After six years in Brittany, comfy years in a cozy granite cottage near Saint-Malo, nestled with Callie, our pretty calico cat, among woods and cornfields, Lisa and I have been considering moving house.

That would be a serious move. We have finally settled in, after years of renovations – a new kitchen, water heater and fireplace were highlights – culminating in a new garden landscaped behind the new deck. But, partly because we often were away for weeks at a time, we never really found our community. Medieval dance was fun, for example, but we missed more advanced steps whenever we went away, and finally lost the thread.
We’ve been thinking about moving house for a couple of years already, maybe to be closer to Paris, maybe somewhere else in Europe. Recently, the good old USA came into the picture.
Having lived in France for six years makes it harder to romanticize the place. Of course, the ancient marvels – Mont-Saint-Michel and Notre Dame, for example – beautify our lives. But France’s increasing political instability, almost Greek-level national debt and stretched healthcare are all problems. When a country is broke, non-citizens are logically the first to pay the price, and we are non-citizens. I was diddled out of my first 15 months of French pension, and would never have recovered it without the help of Bâtonnier Bernard Vatier, formerly head of the Paris Bar. It took nine months to find a dermatologist who could remove a basal cell carcinoma.

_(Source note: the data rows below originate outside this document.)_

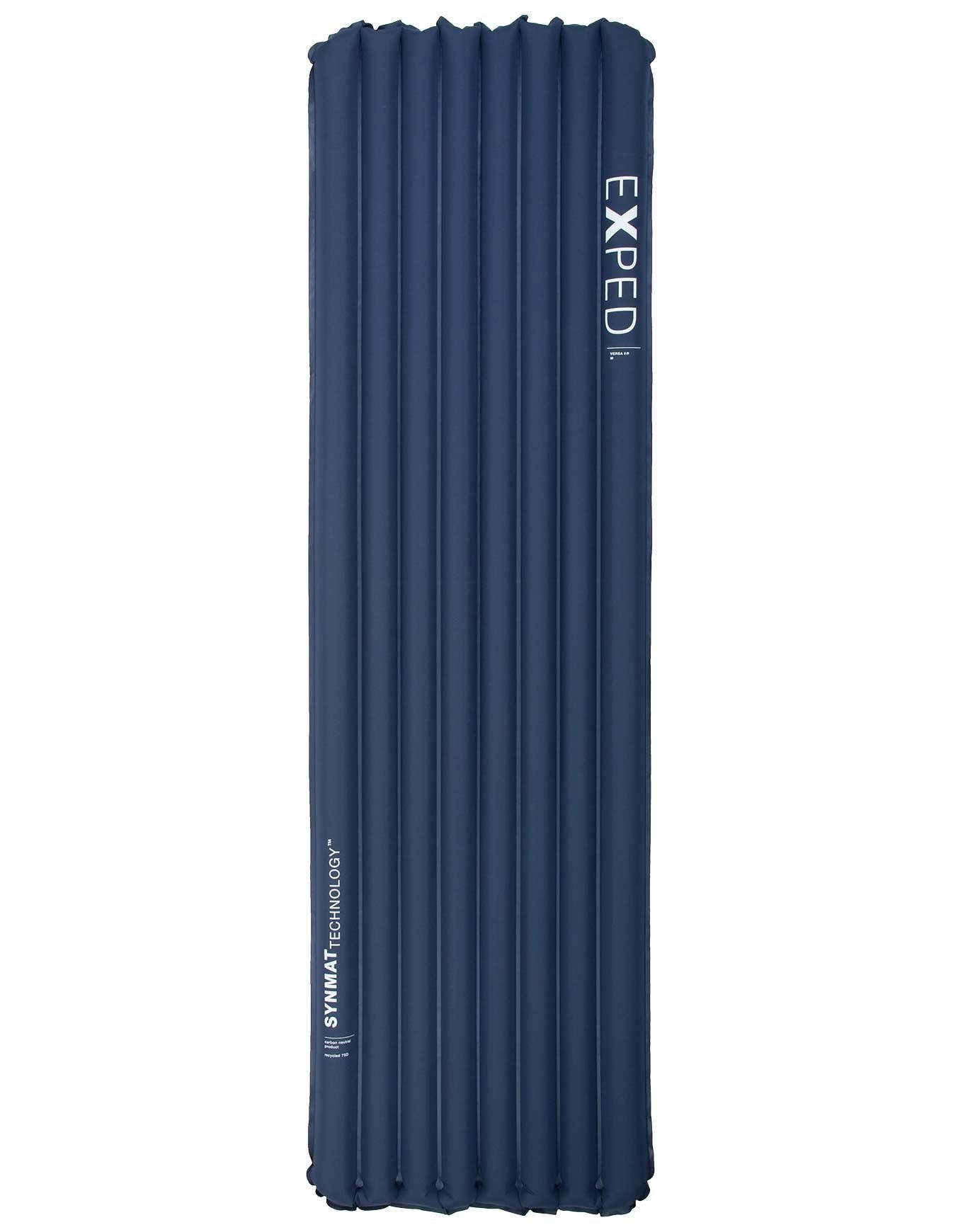 Exped Versa 2R Navy, matelas gonflable 3 saisons ultra-léger et compact en ripstop polyester 75D recyclé, isole jusqu’à 0 °C grâce à la technologie Synmat Technology™ et intègre boudins latéraux pour un soutien stable. Sac de rangement et kit de réparation inclus.
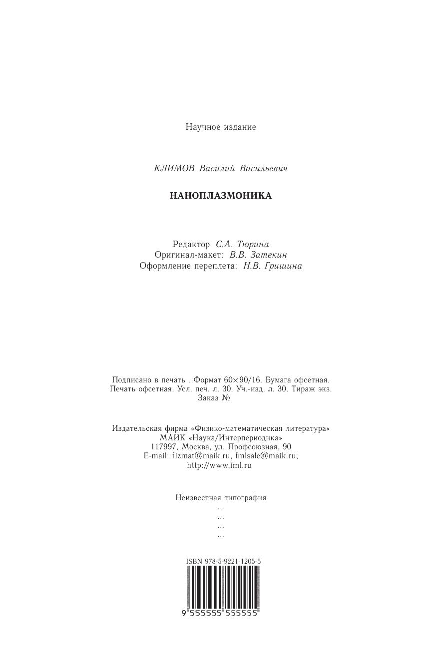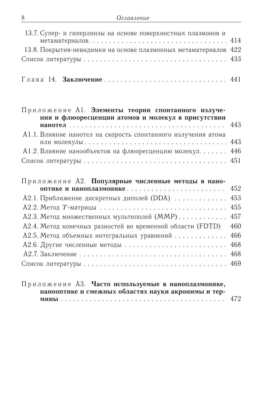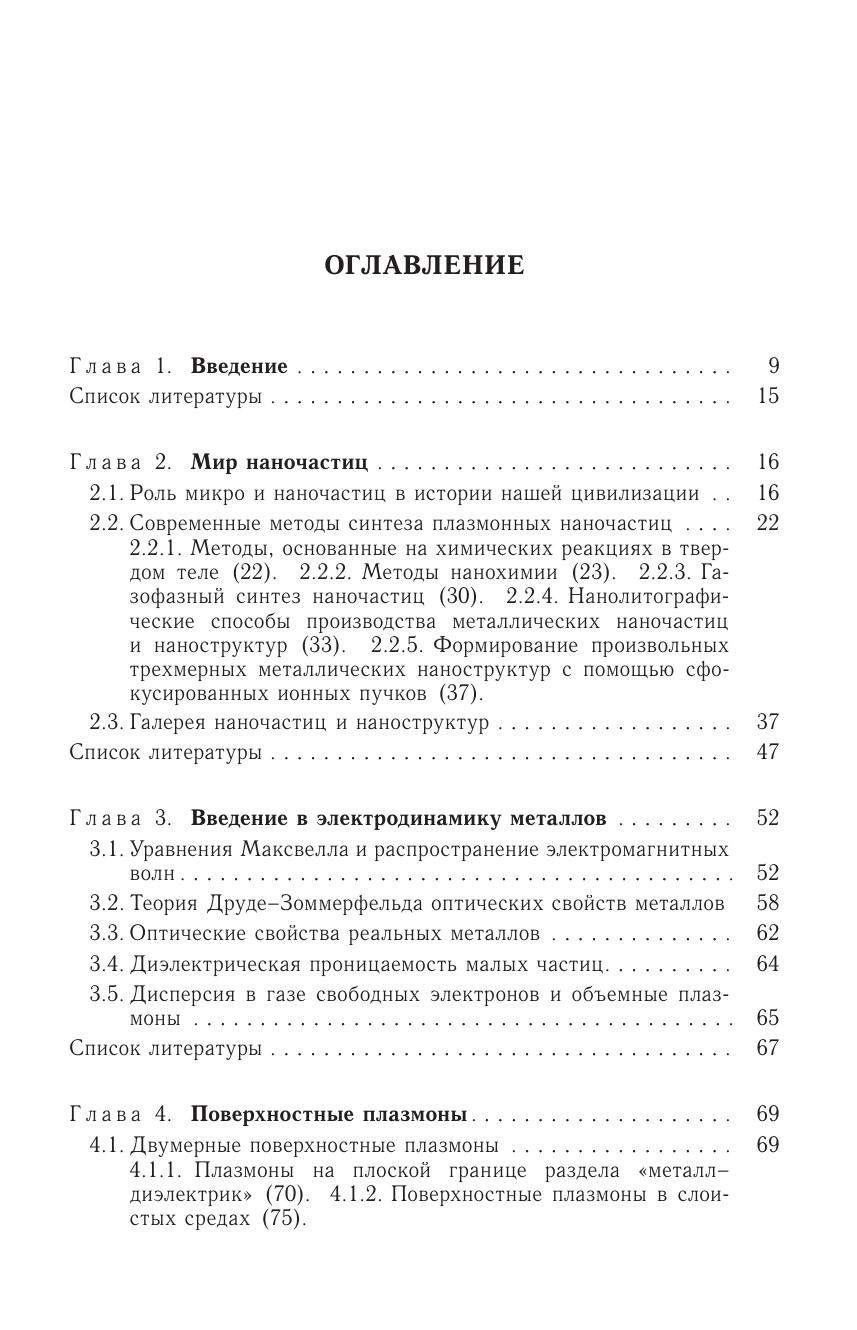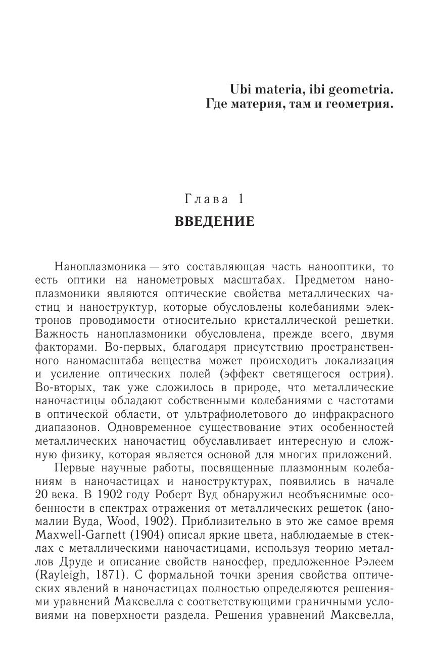 Книга посвящена изложению новейших результатов в новой области нанотехнологий — наноплазмонике. Наноплазмоника является частью нанооптики и нанофотоники и имеет дело с колебаниями электронов проводимости в металлических наночастицах и наноструктурах. Важность и перспективность наноплазмоники заключается в том, что она позволяет совместить нанометровые размеры приборов и сенсоров с оптическими частотами их функционирования. В книге подробно излагаются современные методы описания плазмонных свойств наночастиц и приводятся основные расчетные формулы, позволяющие быстро провести оценки оптических свойств наночастиц самой различной формы. В книге также рассматриваются новейшие приложения наноплазмоники: от медицины до электроники и создания «плащей-невидимок» и «идеальных линз». Книга предназначена читателям, знакомым с электродинамикой в рамках университетского курса общей физики: студентам старшим курсов, аспирантам физико-химических и инженерных специальностей, и всем научным сотрудникам, желающим быстро войти в увлекательный мир нанооптики и наноплазмоники. Многие результаты, приведенные в книге, поучены совсем недавно и могут быть полезны даже опытным специалистом в области нанооптики. Отдельные главы могут быть полезны и более широкому кругу читателей.
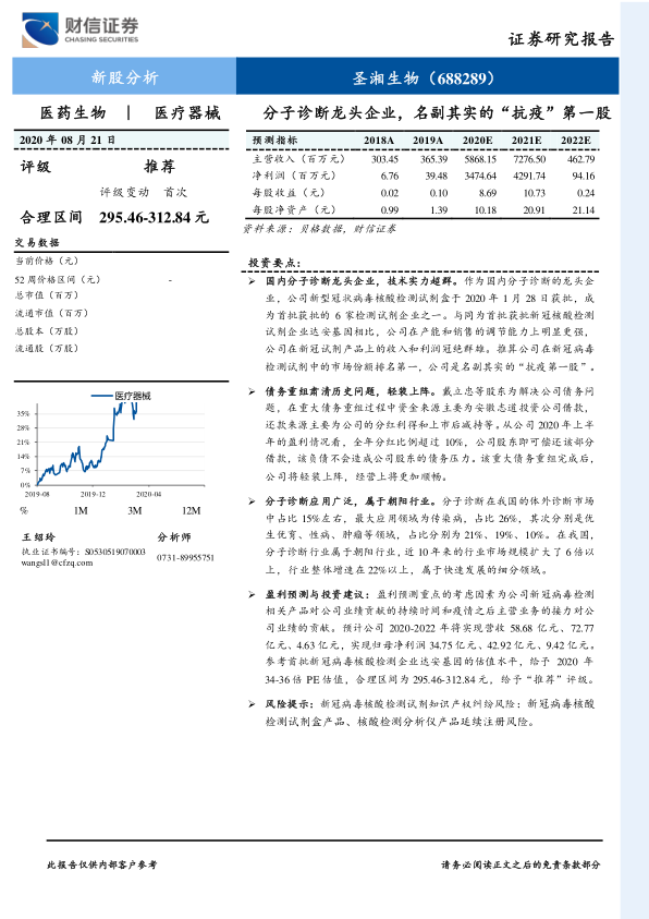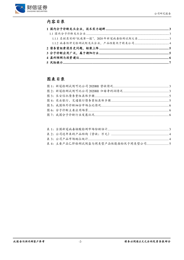 本报告核心观点指出,圣湘生物作为国内分子诊断领域的龙头企业,凭借其卓越的技术实力和快速响应能力,在2020年新冠疫情期间表现出强劲的业绩增长,成为名副其实的“抗疫第一股”。同时,公司通过债务重组解决了历史遗留问题,轻装上阵,并受益于分子诊断这一朝阳行业的广阔前景。
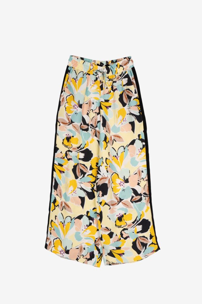Talle alfabético: Small. Talle de etiqueta: 38/1. Tiro alto. Corte palazzo. Tela rígida. Cintura con elastico: 32 cm. Cadera: 46 cm. |El calce puede variar por el tipo de corte. Los talles están convertidos a su equivalente en la tabla de talles de Europa.
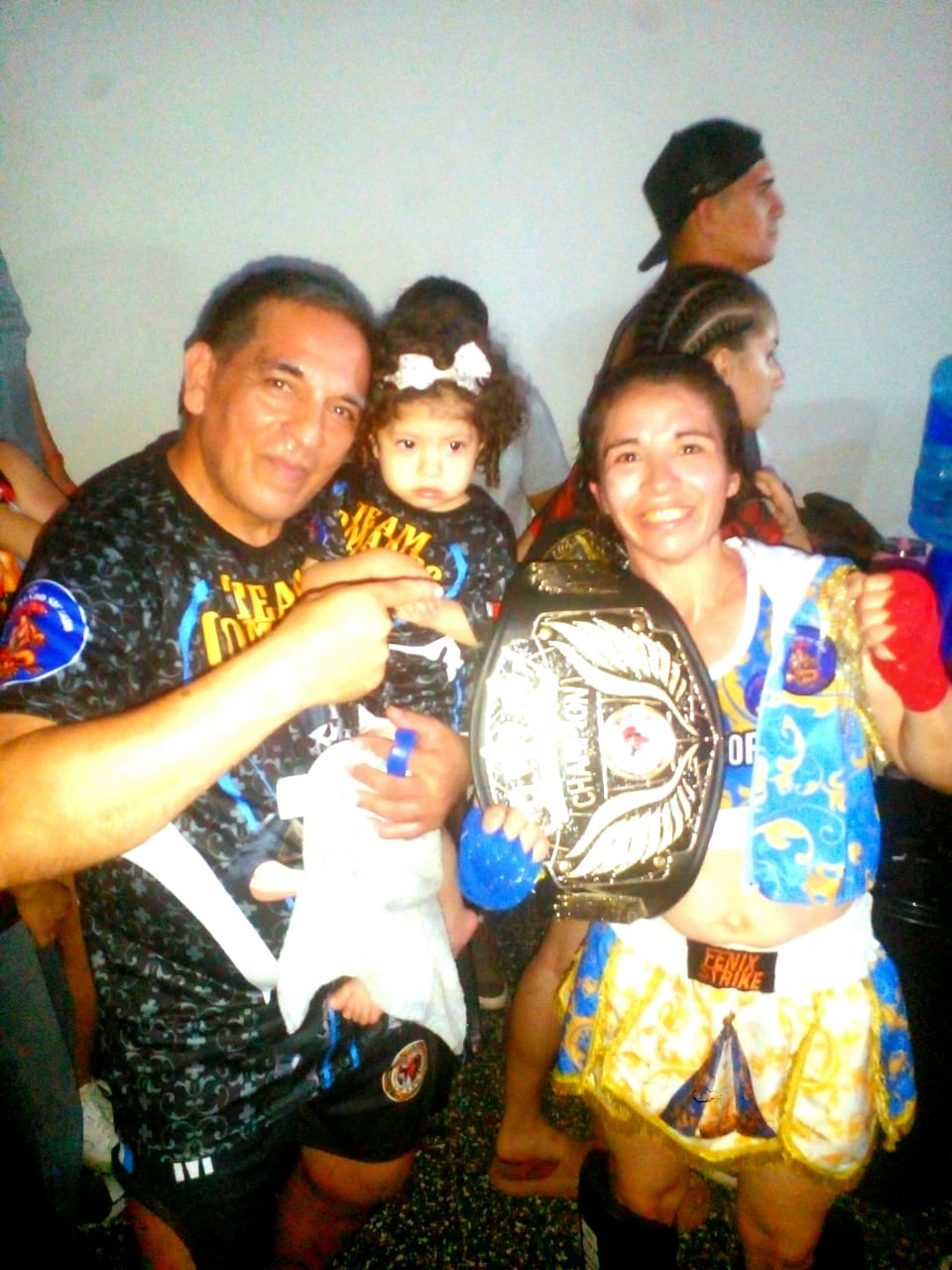 La campeona es competidora de kickboxing y K1, en la categoría semi profesional hasta 50 kg, y forma parte del Team Comando Sicarios, equipo dirigido por el profesor Luis Cáceres, quien acompaña su proceso de entrenamiento y preparación.
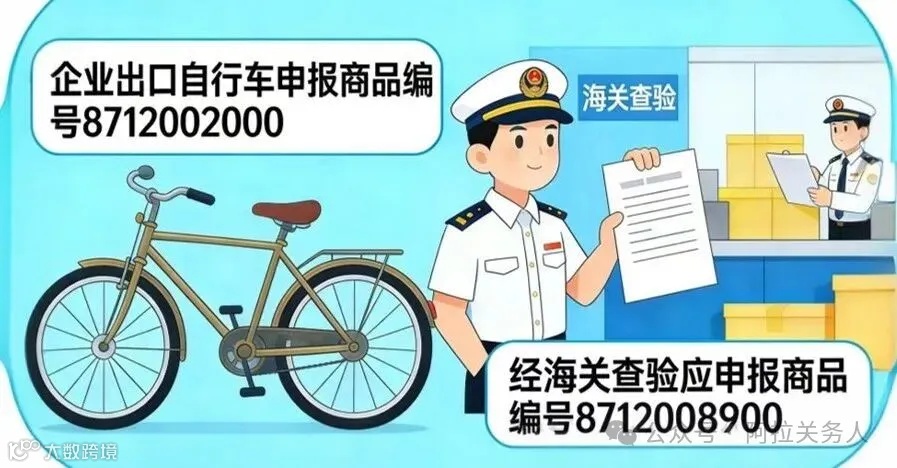 A公司申报出口自行车总价14万美元,错误申报商品编号为8712002000(退税率13%,无监管条件),实际应归入8712008900。两编码退税率及监管条件相同,仅影响海关统计准确性。
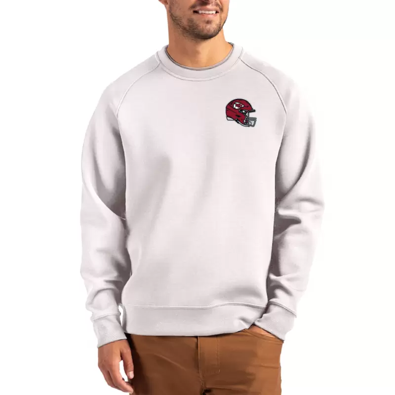 Men’s Cutter & Buck Gray Kansas City Chiefs Helmet Roam Recycled Raglan Pullover Sweatshirt
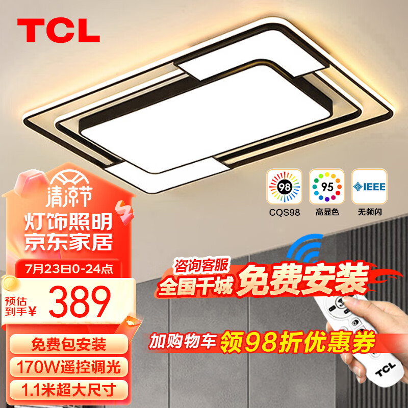 TCL客厅吸顶灯LED大厅灯北欧简约灯具 摩登188W遥控调光1.1米价格:439.00元!
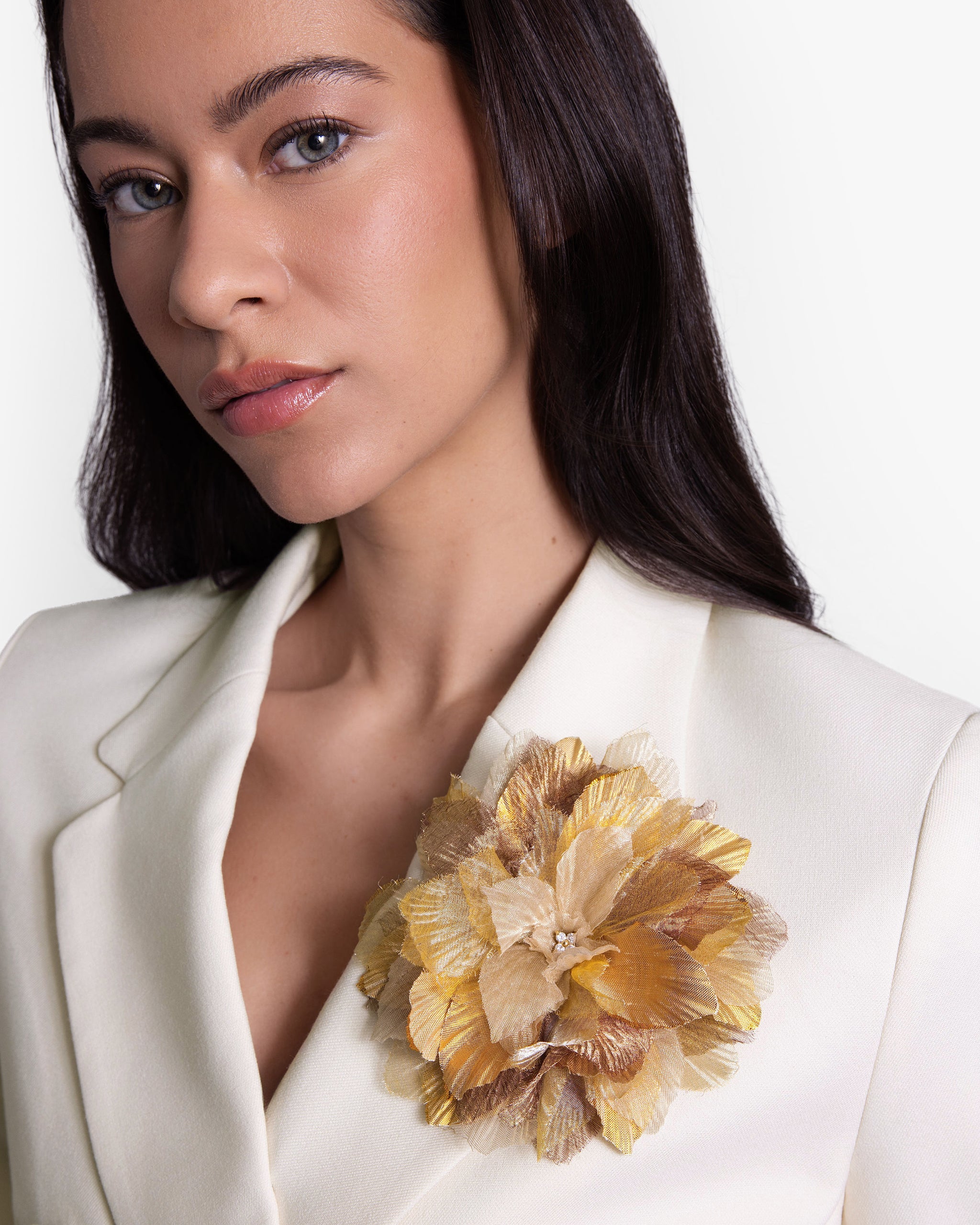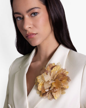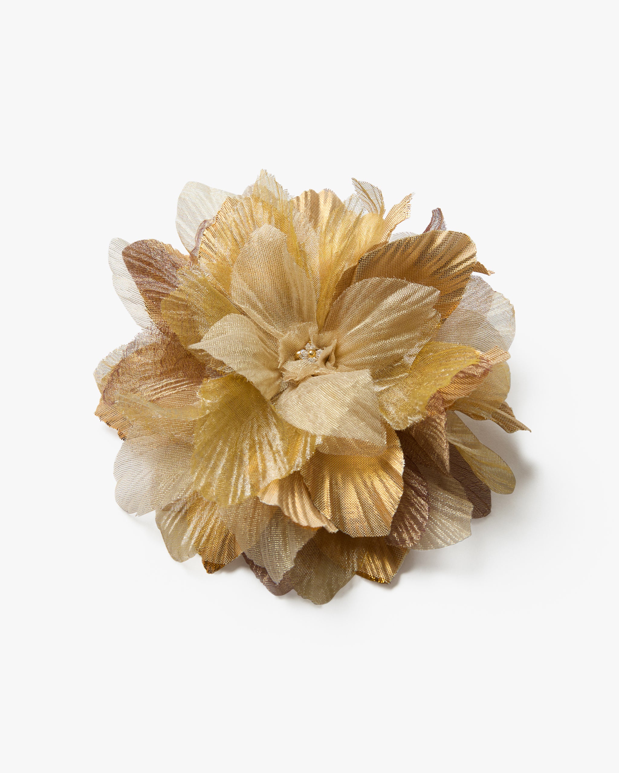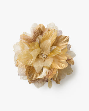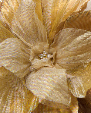 Gold metallic silk shantung and metallic silk organza petals

Other problems include frequent civil disturbances – it’s hard to predict when train strikes will occur or where “yellow vests” or farmers will block highways – and occasional sickening violence. Not on an American scale, of course, but still. Several Charlie Hebdo journalists were assassinated in their own office because they dared to publish a cartoon mocking Islam – the origin of the “je suis Charlie” cries of support – and Samuel Paty, a high school civics teacher, was decapitated because he showed his class a cartoon mocking Islam in the context of a lesson on freedom of speech.
Then again, from a distance many of the changes in the US over the last ten years have been pretty off-putting. The tone of political dialog has become louder and more stupid. A Berkeley hippy 50 years ago, I still believe in the same things, tolerance, robust debate, looking after the unfortunate.
But nowadays, unless you say everything that you’re supposed to say, that’s it, you’re out. Having dominated Twitter and excluded the MAGA right from it for years, the left migrated en masse to BlueSky when Elon bought Twitter and rechristened it “X.” They were afraid that he would do the same to them, exclude them, but he did not, and they still stayed away in droves. Teenagers regularly cancel their own parents, whom they equally regularly call “toxic.” How dare they try to raise children who already know it all! Friends demand at times almost total allegiance to their mantra of the moment. It’s just not workable for my old-fashioned liberal spirit.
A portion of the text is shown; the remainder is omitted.